## ABOUT THIS TASK
The part to set down runs from the first line of the data below through the line with "Auditório do Centro", inclusive; write it exactly and leave out the pictures.

Data extracted from a collection
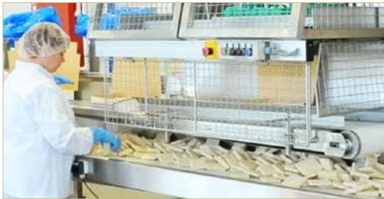
Среди продукции новгородских переработчиков, поставляемой на экспорт, — полуфабрикаты из морской рыбы и краба.
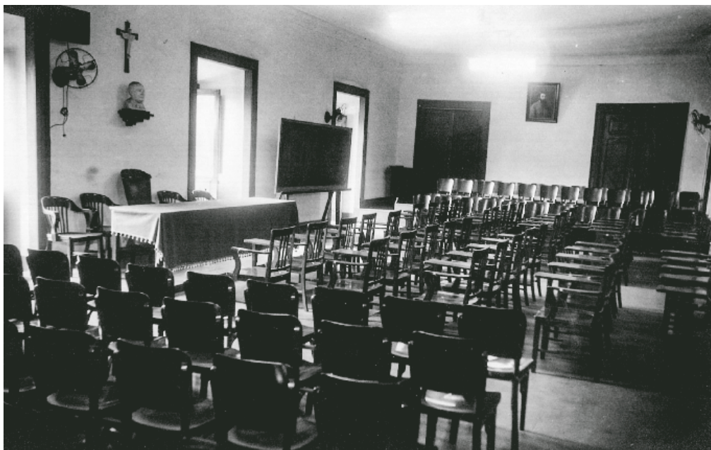
Auditório do Centro Dom Vital. Praça XV de Novembro, RJ. Circa 1930-1940.

Ode a Jackson de Figueiredo (Carlos Drummond de Andrade, Belo Horizonte, 1929) Jackson nem amigo nem inimigo, nem mesmo (o que seria cômodo) espectador [displicente na sua poltrona espionando teus gestos, tuas palavras e obras, mas distante, extraordinariamente distante [daquilo que foi a tua vida, mais distante ainda dos mundos que explo- [rastes, viajante inquieto, sem tempo para
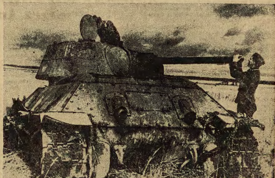
W walkach na froncie wschodnim wielką rolę odgrywa artylerja. Na zdjęciu na lewo widzimy niemiecki moździerz kalibru 21, używany obecnie również w walce z najcięższymi czołgami sowieckimi. Zdjęcie na prawo przedstawia czołg sowiecki typu „T 34”, zestrzelony przez niemiecką artylerję przeciwlotniczą.
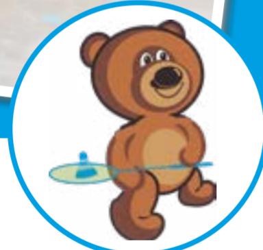
ШСК «МИШКА» школьный спортивный клуб ГБОУ СО «Школа-интернат АОП г. Маркс»
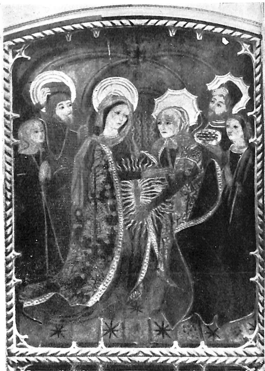
Lám. V.—Escuela Aragonesa. La Visitación. Detalle del retablo conservado en la Hispanic Society of America. (Reproducido de la obra de E. du Gué Drapier, citada en el texto).
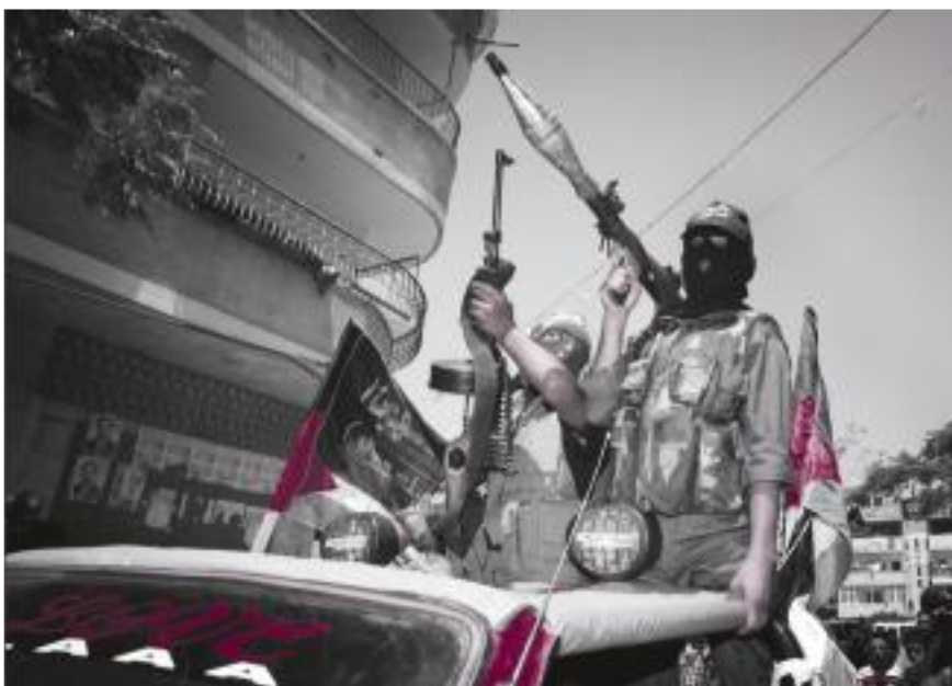
Islamilainen jihad-äärijärjestö juhlii Gazan kaupungissa voittoa Israelista siirtokuntien purkamisen jälkeen. Kuvateksti: Inka Kovanen / Helsingin Sanomat

”Näyttelyssä on kuvia muun muassa Women in Black -järjes-
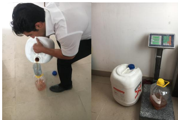
شکل ۲ - فوق روان کننده مصرفی برای ساخت بتن توانمند

به دلیل نسبت آب به سیمان کم در بتن با کارایی بسیار بالا، استفاده از فوق روان کننده نقش تعیین کننده ای در رسیدن به کارایی مورد نظر دارد بطوریکه توسعه بتن UHPFRC بدون استفاده از فوق روان کننده امکان پذیر نمی باشد. در این پژوهش از فوق روان کننده AURAMIX 4450 استفاده شده است که از شرکت فسروک تهیه شده، که در شکل ۲ نشان داده شده است.

## EXERCISE RESPONSE
Среди продукции новгородских переработчиков, поставляемой на экспорт, — полуфабрикаты из морской рыбы и краба.
Auditório do Centro Dom Vital. Praça XV de Novembro, RJ. Circa 1930-1940.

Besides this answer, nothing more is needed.